In the liver, iAs(V) is reduced to iAs(III) by the enzyme arsenate reductase. Cellular uptake of iAs(III) occurs through aquaglyceroporins (AQP7 and AQP9) and glucose transporter 1, while iAs(V) is transported through phosphate channels [26]. Subsequent hepatic methylation, catalyzed by arsenite methyltransferase (AS3MT) and glutathione S-transferase omega 1 (GSTO1), produces the metabolites: monomethylarsonous acid [MMA(III)], monomethylarsonic acid [MMA(V)], dimethylarsinous acid [DMA(III)], and dimethylarsinic acid [DMA(V)] [27, 28]. These metabolites are primarily excreted through urine, with minor elimination through feces, perspiration, and epithelial shedding (Figure 1) [29].

Figure 1.

The arsenic metabolism pathway [29].

MECHANISMS OF ARSENIC TOXICITY

Arsenic induces toxicity through a variety of biochemical mechanisms, including oxidative stress, enzyme inhibition, and genotoxicity. It promotes the generation of reactive oxygen species (ROS), resulting in lipid peroxidation, DNA strand breaks, and mitochondrial dysfunction. In addition, arsenic binds to sulfhydryl groups on proteins, notably inhibiting key enzymes such as pyruvate dehydrogenase and impairing adenosine triphosphate (ATP) production [30].

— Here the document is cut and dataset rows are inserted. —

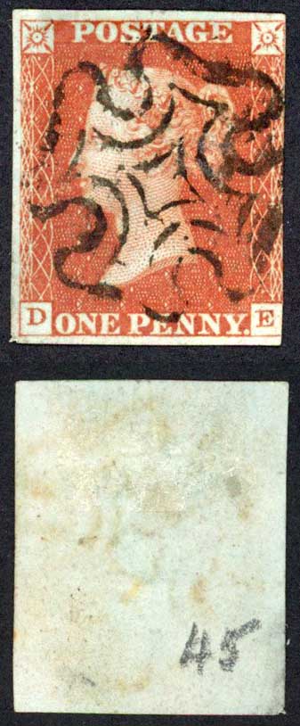 1841 Penny Red (DE) Plate 45 Three Margins Black Cross Cat 150 pounds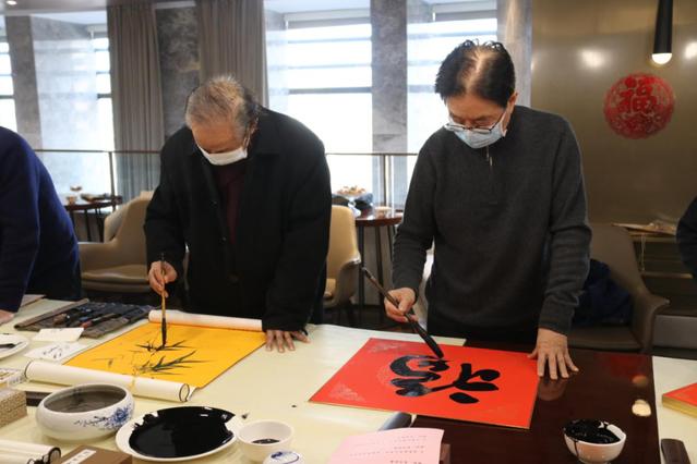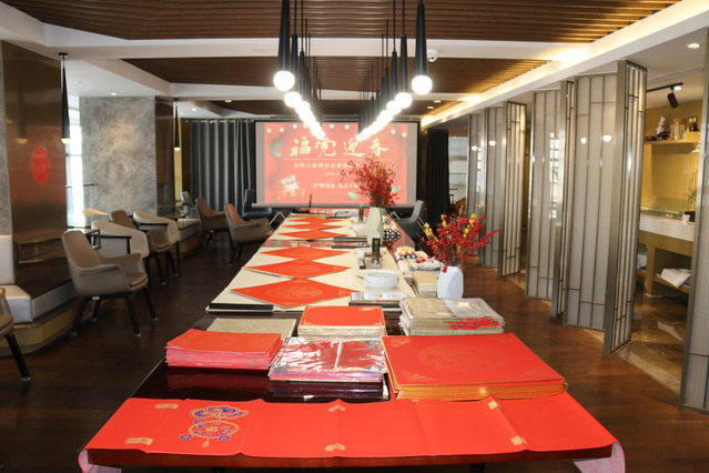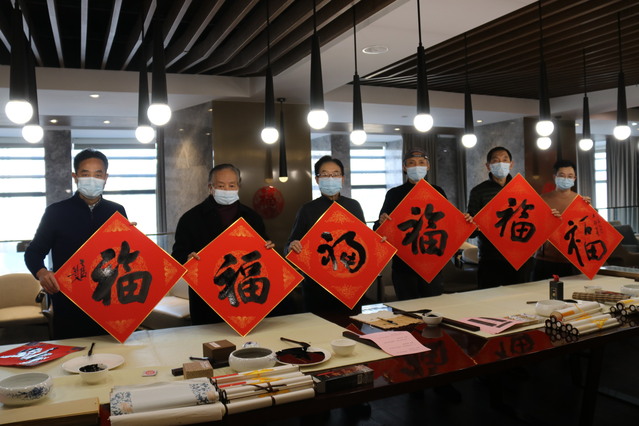 活动现场翰墨飘香,福气满堂。书画家们饱含热情,大家摆开书案,铺开大红纸,凝神提笔,挥毫泼墨。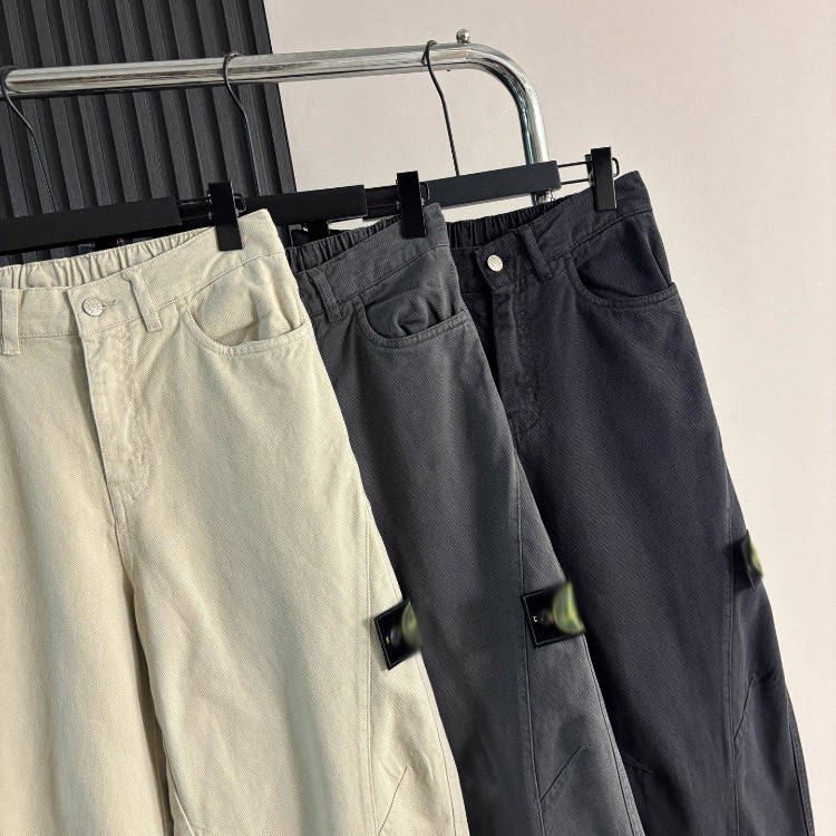 Stone Island compass logo embroidered low-rise curved leg cargo pants-5261

Arsenic also disrupts epigenetic regulation by altering DNA methylation, which can lead to aberrant gene expression and potential carcinogenesis. Furthermore, it activates pro-inflammatory signaling pathways and dysregulates both cell proliferation and apoptotic mechanisms. These pathways contribute to systemic toxicity, increasing the risk of malignancies, cardiovascular diseases, and kidney dysfunction [31].

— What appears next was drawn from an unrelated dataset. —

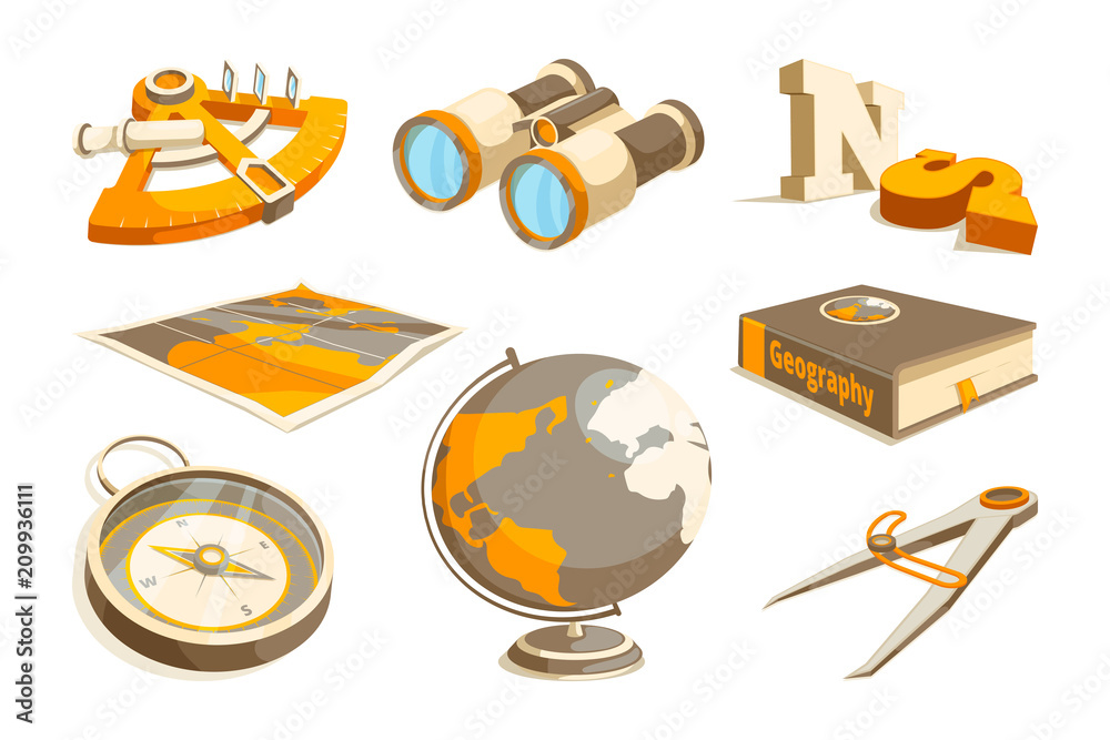 Samolepka Vector monochrome symbols of exploration and geography

MECHANISMS OF ARSENIC-INDUCED KIDNEY DAMAGE

Arsenic poses a significant threat to renal health due to the kidneys’ central role in filtering blood and excreting toxins. The nephrotoxic effects of arsenic involve multiple interconnected mechanisms:

Oxidative stress and kidney injury

Arsenic metabolism generates ROS, initiating lipid peroxidation and compromising membrane integrity in renal tubular cells [32, 33]. This damages ion transport, inhibits antioxidant enzymes such as superoxide dismutase (SOD) and glutathione peroxidase (GPx), and results in DNA and protein oxidation, ultimately triggering apoptosis [34]. ROS also activate redox-sensitive transcription factors such as nuclear factor kappa (NF-κB) and activator protein 1 (AP-1), which upregulate inflammatory cytokines such as tumor necrosis factor alpha (TNF-α), interleukin-6 (IL-6), and interleukin-1 beta (IL-1β), thereby promoting renal inflammation and fibrosis [35].

Mitochondrial dysfunction in arsenic toxicity

Arsenic disrupts mitochondrial homeostasis through activation of the nucleotide-binding domain, leucine-rich-containing family, pyrin domain-containing-3 (NLRP3)-transforming growth factor-beta 1 (TGF-β1)/Suppressors of Mothers Against Decapentaplegic (SMAD) signaling pathway, which promotes renal inflammation and fibrosis. It induces mitochondrial fragmentation and mitophagy, contributing to fibrogenic remodeling. The SIRT1–PINK1 pathway, which regulates mitophagy, plays a protective role by removing damaged mitochondria [36]. Inhibition of this pathway exacerbates nephrotoxicity and inflammation [37]. Arsenic also activates inflammatory signaling cascades, including NF-κB and p38 Mitogen-activated Protein Kinase (MAPK), further linking mitochondrial damage with renal injury [38, 39].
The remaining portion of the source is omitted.